During General Ryan’s four years as leader of the Air Force, he has worked tirelessly for America’s airmen—for he knows that you, those gathered here and across the globe, are the heart and soul of every success. He led the transition to an Expeditionary Aerospace Force, bringing more stability and predictability.
He applied the lessons of his past—from those of Vietnam, to those gleaned from the skies over Bosnia and Kosovo—and worked to provide what is needed to best serve our nation.
General Ryan has indeed left his mark—and the legacy of this smart, tough leader will be measured for decades to come in lives saved and in victories won. We know that, as we honor Mike today, somewhere certainly, his father, and his brother are watching and are enormously proud.
And though we gather here today to mark the completion of this outstanding general’s 36 years of service, there’s one Ryan here who can claim an even longer affiliation. And so, today we also honor Jane.
I’m told that Mike’s career really started kind of slow. But it took off like a rocket when he was a member of the Air Force Academy’s Choir. He traveled to Loretta Heights Catholic Girls’ School to sing High Mass, and he met Jane. It was divine intervention [laughter].
Jane’s been through literally every day of this extraordinary career that spans some 20 assignments. Like so many military families, you and your four children have endured long periods of separation, and the difficulty of seeing Mike off on dangerous missions. So, Jane, we honor you, and we thank you—for your service as well.
Filling Mike Ryan’s shoes is no easy task.

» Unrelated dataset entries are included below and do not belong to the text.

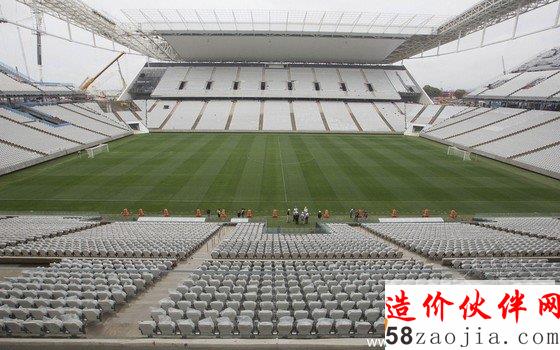 当地时间2014年4月15日,巴西圣保罗,作为2014世界杯开幕式举办地的圣保罗竞技场依然没有完工,此时距离世界杯开幕仅剩下两个月不到的时间。圣保罗竞技场世界杯期间将举办包括揭幕战巴西VS克罗地亚在内的6场比赛,能容纳70000名观众。世界杯结束后球场规模将缩小至45000个席位。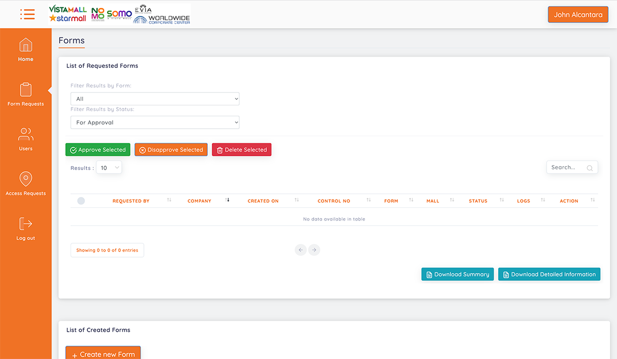 This tool was created when pandemic started. This was developed mainly for VistaMall tenant clients. This was created in order to reduce close contact between the admin and clients. Clients can request for the gate pass online.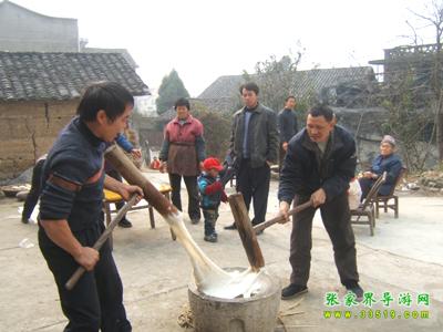 土家人民素有“二十八,打粑粑”的說法。每逢春節(jié)來臨,農(nóng)歷臘月末,家家都要打糯米糍粑,所謂打糯米糍粑,據(jù)當(dāng)?shù)剜l(xiāng)土志書記載:“系糯米飯就石槽中杵如泥,壓成團(tuán)形,形如滿月。大者直徑約尺5,尋常者約4寸許,3至8分厚不等。”打糯米糍粑是一項勞動強(qiáng)度較大的體力活,一般都是后生男子漢打,兩個人對站,先揉后打,即使冰雪天也要出一身汗。做粑粑也很講究,手粘蜂臘或茶油,先出砣,后用手或木板壓,要做得玉圓光滑,講究美觀。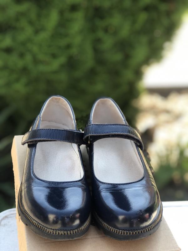 Шкіряні туфлі темно синього кольору в гарному стані. Зручні на елегантні. Розмір 33 Довжина устілки 21см Застібка на липучці.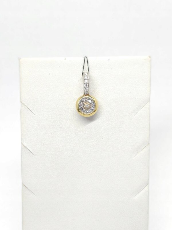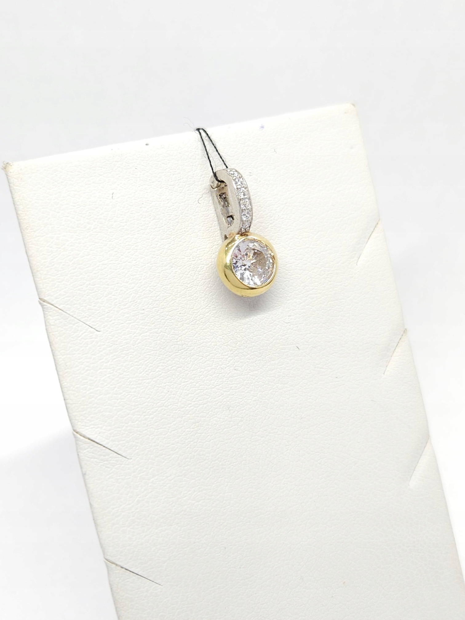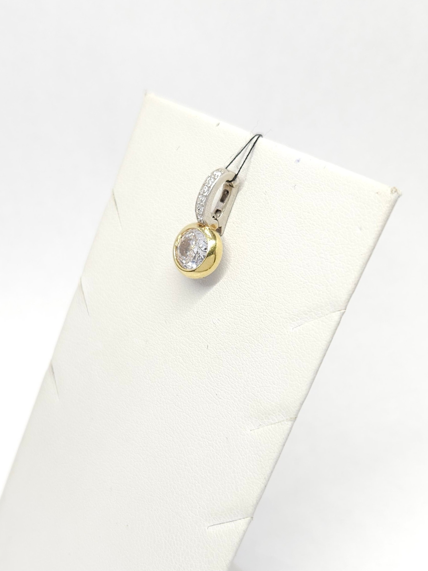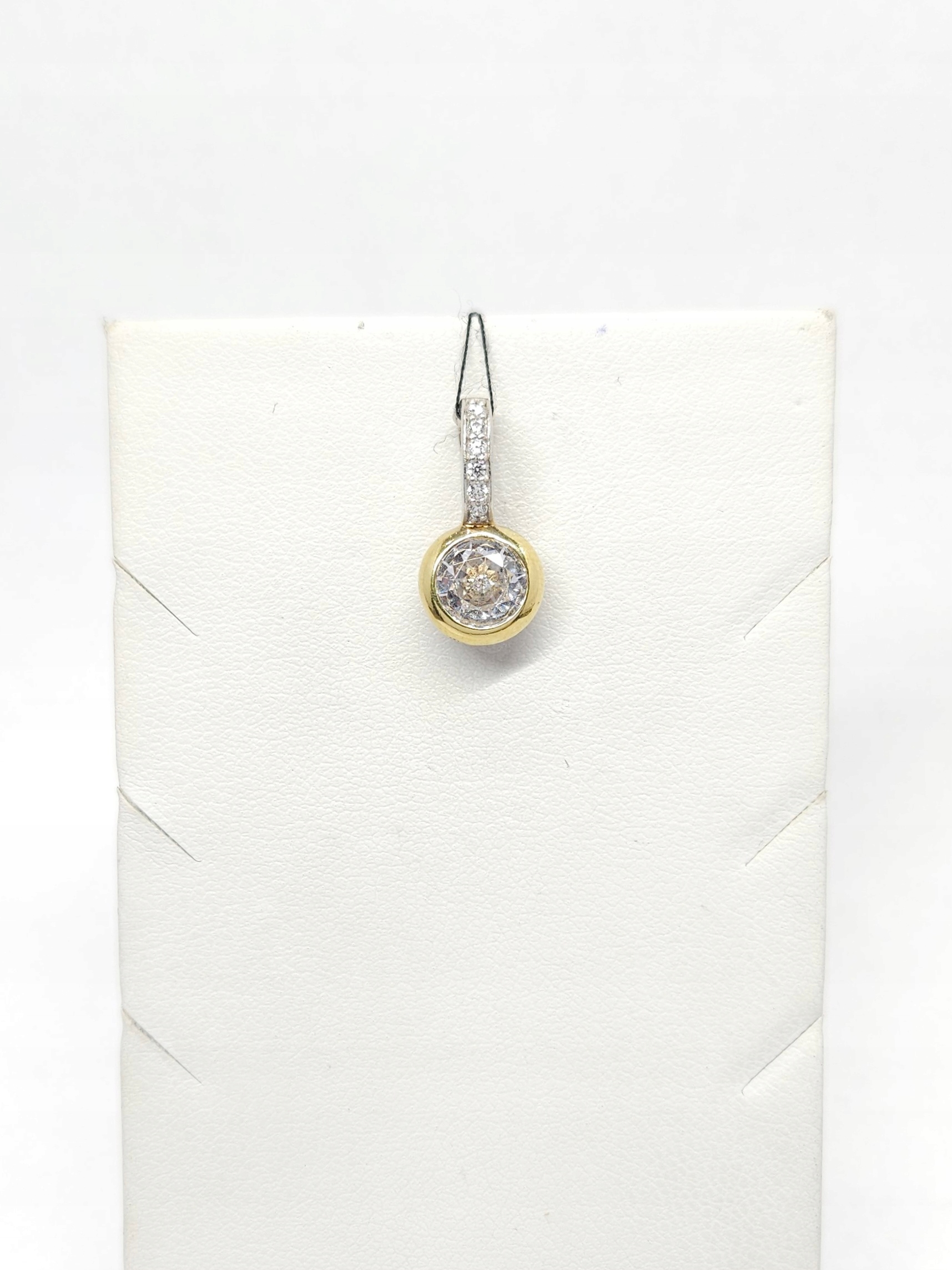 Wisiorek – przypinka, wykonany ze srebra złoconego, z pojedynczym, bezbarwnym kamieniem naturalnym i cyrkoniami; zawieszka zapinana na mocny zatrzask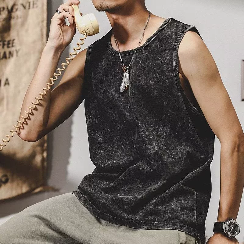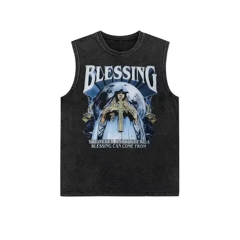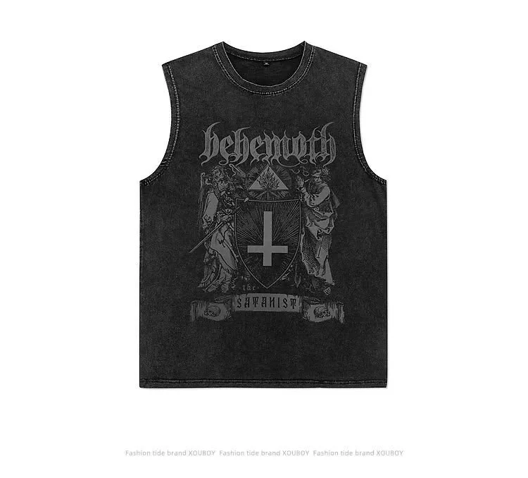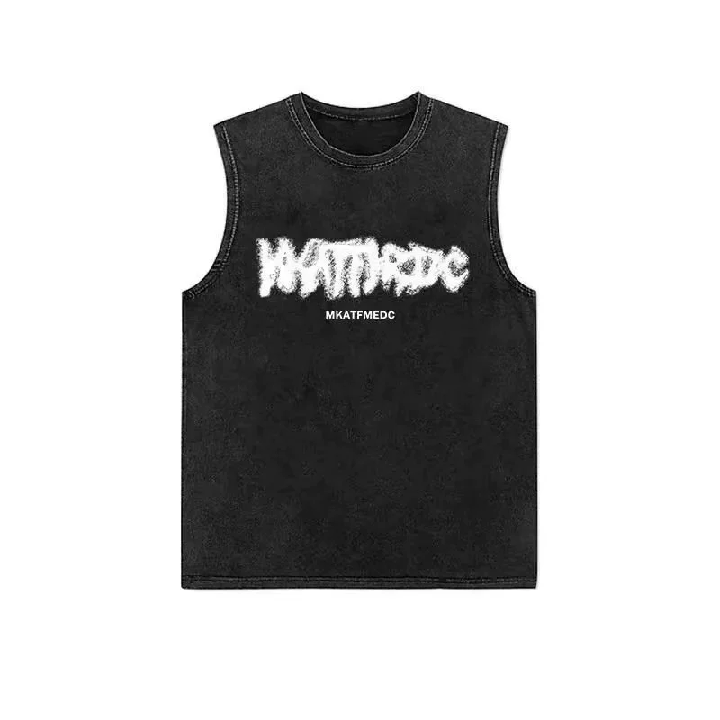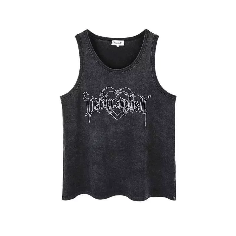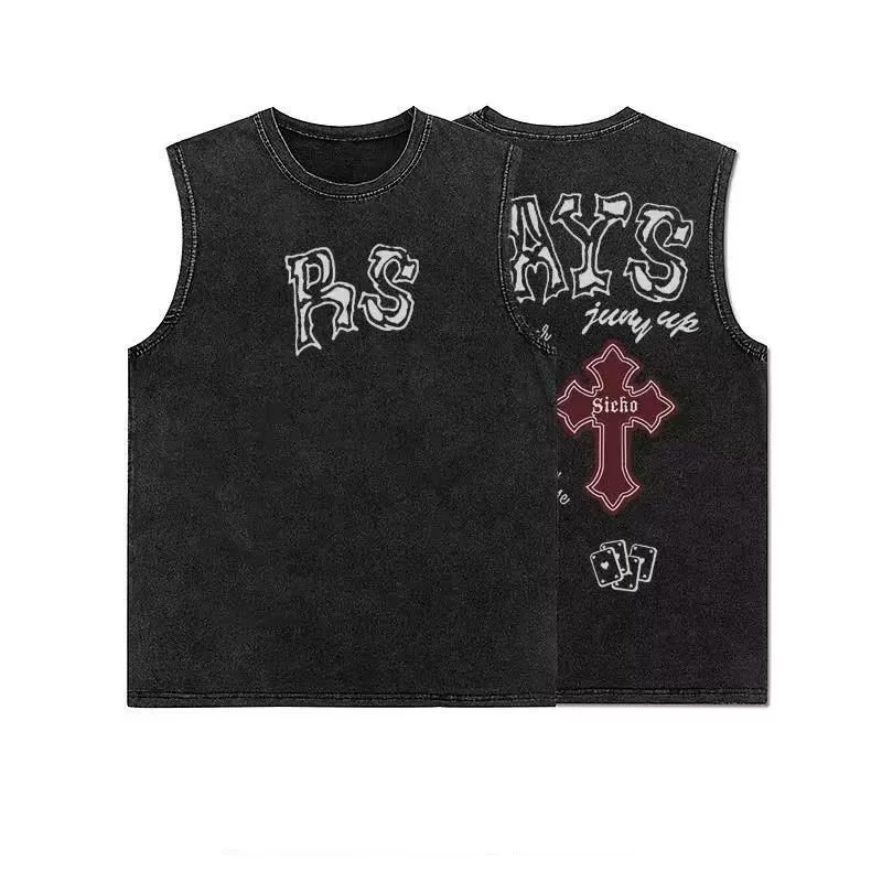 Trendy European and American high street distressed ins loose sleeveless T-shirt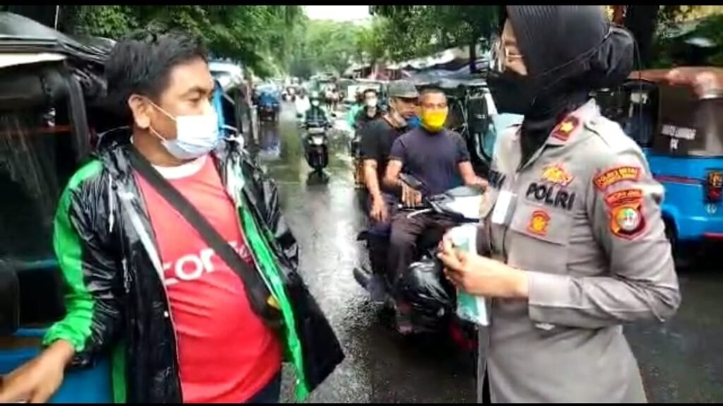 ACTUALNEWS.ID, Jakarta – Satuan Binmas Polres Metro Jakarta Barat membagikan masker gratis kepada pedagang dan penjual serta tukang bajaj dan ojek yang mangkal di sekitar PD Pasar Jaya Tomang Barat Kel Tanjung Duren Selatan Grogol Petamburan Jakarta Barat, Senin, 14/2/2022.

Like his predecessor and friend, General John Jumper was also born to be an airman: his father was an Air Force pilot, and made sure that John had flight time in planes like the legendary P-51 Mustang by the time he’d reached the ripe age of three.
Once he was "formally" in the Air Force, General Jumper served in a series of challenging posts that has schooled him in the lessons of leadership: combat missions in Vietnam, command positions in the squadron and wing levels, to the U.S. Air Forces in Europe and the Air Combat Command. General Jumper understands that we’re living in a period of transition, when the threats of the Cold War have receded, and the new challenges of the 21st Century have not yet fully emerged. He will continue to lead the transition of our Air Force that General Ryan began—from a force that won the Cold War to a force for the 21st Century—one that can face challenges from sources that we cannot yet know. And so, John and Ellen, we congratulate you and we welcome you.
I mentioned a story to General Ryan the other day that has an important message about service—and certainly all those gathered here understand the importance of service. I said, Mike, on the day when you no longer put on your uniform, think about the old soldier who went home after a life of service. He looked around, he saw how his hometown had prospered, and said to his wife, "You know, maybe I should have stayed here. Look at the parks, the factories, the schools, the banks, the new homes. It’s a good place."
His wife replied: "Yes, but you made it possible for all this to happen."
So Mike, remember that. Every time you see youngsters playing and having a good time, couples starting out, a safer world, a more prosperous world, and most of all, a world of freedom, it is, in no small part, because of you and the magnificent Air Force team that you have helped to build and lead. Mike, we all join in thanking you for your remarkable service. To Jane and to you, good luck and Godspeed. [Applause.]